Understanding the metabolism of endothelial cells underlying physiological and pathological angiogenesis

In our original proposal, we began with the desire to understand the cellular metabolism of endothelial cells (ECs) underlying physiological and pathological angiogenesis. Our central hypothesis was that there should be differences in the basal metabolism of ECs of arterial, venous and lymphatic origin, owing to the different environmental concentrations of oxygen and nutrients, as well as their different physiological functions. In this proposal, we have identified that lymphatic ECs (LECs) have higher fatty acid beta-oxidation flux compared to venous or arterial ECs. Contextually, this is important, as the lymph has a higher lipid content than the blood (1), and it has been shown that the lymphatics are important in regulating reverse cholesterol transport in atherosclerosis (2, 3). Further, although LECs are present in low oxygen environments, we found that hypoxia does not alter FAO flux in LECs.
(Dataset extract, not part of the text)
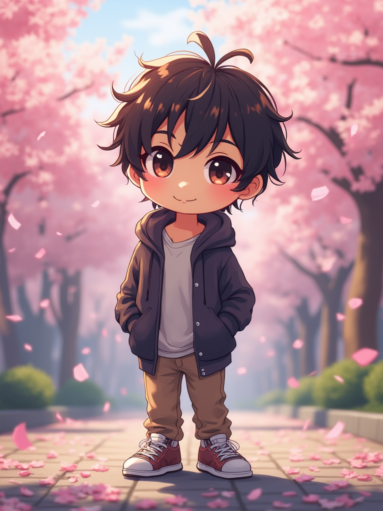The model as a chibi character standing on a peaceful Japanese street during cherry blossom season, wearing a casual streetwear outfit with a hoodie and sneakers. The background is filled with pink petals and soft sunlight. Highly detailed chibi-style rendering with vibrant colors and a magical atmosphere.

As we discovered that FAO is increased in LECs, we sought to determine whether FAO may have a role in lymphatic development, in vivo, and utilized a zebrafish model of vascular development. Using morpholinos targeting the zebrafish isoforms of CPT1a, we determine that knockdown of CPT1a in the zebrafish impaired lymphatic development, as early as the lymphangiogenic precursor secondary sprouts, as well as in the formation of the thoracic duct, the first perfused lymphatic structure in the zebrafish.

To further explore the role of FAO in LEC differentiation, we used the well-established model of Prox1-mediated LEC differentiation in vitro. Here, we provide the first evidence that the same genetic signal which induces LEC differentiation also directly specifies the increased FAO in LECs. Further, we have detailed that this occurs not through regulation of energy generation or redox homeostasis, but rather through the production of acetyl-CoA, which fuels histone acetylation, an epigenetic modification, which can promote the transcription of lymphatic genes.

The results from this work has been presented in several international meetings, and is currently in revision in the journal Science (4). It has also facilitated the training of several junior and senior laboratory members, several national and international collaborations, and the application of an operating grant to fund further investigation in this research direction.

Further, as part of this research proposal, we have generated several lymphatic-specific, inducible transgenic mouse lines to specifically inhibit FAO in vivo. We are currently phenotyping these mice as part of our revision experiments for our submission to Science.

Finally, the recruited research has been an instrumental part of several key publications in the laboratory, including a series of three papers published in Cell (5), Cell Metabolism (6) and Cell Cycle (7), detailing the role of glycolysis in venous EC growth and function, and the therapeutic potential of transient and partial inhibition of glycolysis in pathological angiogenesis. These works are currently being further investigated to develop drug targets for clinical translation. As well, the recruited researcher was co-author on a review article in the journal Nature, which overviews the “Metabolism of stromal and immune cells in health and disease” (8), a publication which has already been viewed almost 17,000 times, despite having been published only since July 2014.

Overall, this proposal has been a great success, where the recruited researcher has been able to not only contribute on ongoing research efforts to demonstrate the therapeutic efficacy of targeting metabolism in angiogenesis, but also develop a novel research direction around another metabolic pathway in cellular differentiation. As angiogenesis and lymphangiogenesis play crucial roles in both health and a number of diseases (such as cancer, atherosclerosis and diabetes), the future socioeconomic impact of this work is great.


References
1. Randolph GJ, Miller NE, Lymphatic transport of high-density lipoproteins and chylomicrons. J Clin Invest 124, 929-935 (2014).
2. Lim HY et al., Lymphatic vessels are essential for the removal of cholesterol from peripheral tissues by SR-BI-mediated transport of HDL. Cell Metab 17, 671-684 (2013).
3. Martel C et al., Lymphatic vasculature mediates macrophage reverse cholesterol transport in mice. J Clin Invest 123, 1571-1579 (2013).
4. Wong BW et al., Role of fatty acid beta-oxidation in lymphatic endothelial cell differentiation. Science, (in revision). (2014).
5. De Bock K et al., Role of PFKFB3-driven glycolysis in vessel sprouting. Cell 154, 651-663 (2013).
6. Schoors S et al., Partial and transient reduction of glycolysis by PFKFB3 blockade reduces pathological angiogenesis. Cell Metab 19, 37-48 (2014).
7. Schoors S et al., Incomplete and transitory decrease of glycolysis: a new paradigm for anti-angiogenic therapy? Cell Cycle 13, 16-22 (2014).
8. Ghesquiere B et al., Metabolism of stromal and immune cells in health and disease. Nature 511, 167-176 (2014).